E-mail: j.p.bollback@ed.ac.uk
Parallel evolution is the acquisition of identical adaptive traits in independently evolving populations. Understanding whether the genetic changes underlying adaptation to a common selective environment are parallel within and between species is interesting because it sheds light on the degree of evolutionary constraints. If parallel evolution is perfect, then the implication is that forces such as functional constraints, epistasis, and pleiotropy play an important role in shaping the outcomes of adaptive evolution. In addition, population genetic theory predicts that the probability of parallel evolution will decline with an increase in the number of adaptive solutions—if a single adaptive solution exists, then parallel evolution will be observed among highly divergent species. For this reason, it is predicted that close relatives—which likely overlap more in the details of their adaptive solutions—will show more parallel evolution.
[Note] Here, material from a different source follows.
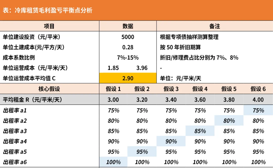 3. 冷库租赁的毛利盈亏平衡测算
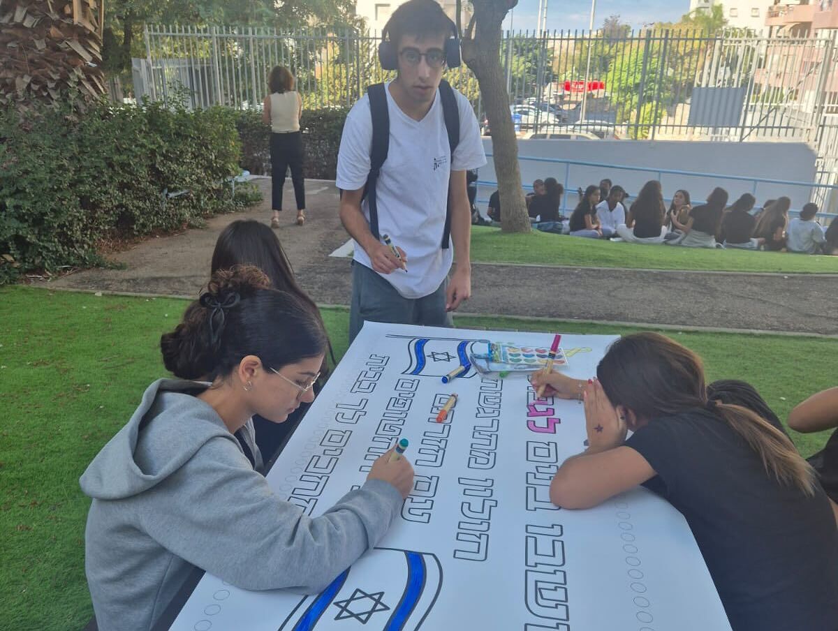 מרגש בגימנסיה ברנקו וייס בחולון: תלמידים החליפו את שלט החטופים בשלט המבשר על חזרתו של בר קופרשטיין מהשבי

By adapting three related bacteriophage species to a novel environment we find (1) a high rate of parallel genetic evolution at orthologous nucleotide and amino acid residues within species, (2) parallel beneficial mutations do not occur in a common order in which they fix or appear in an evolving population, (3) low rates of parallel evolution and convergent evolution between species, and (4) the probability of parallel and convergent evolution between species is strongly effected by divergence.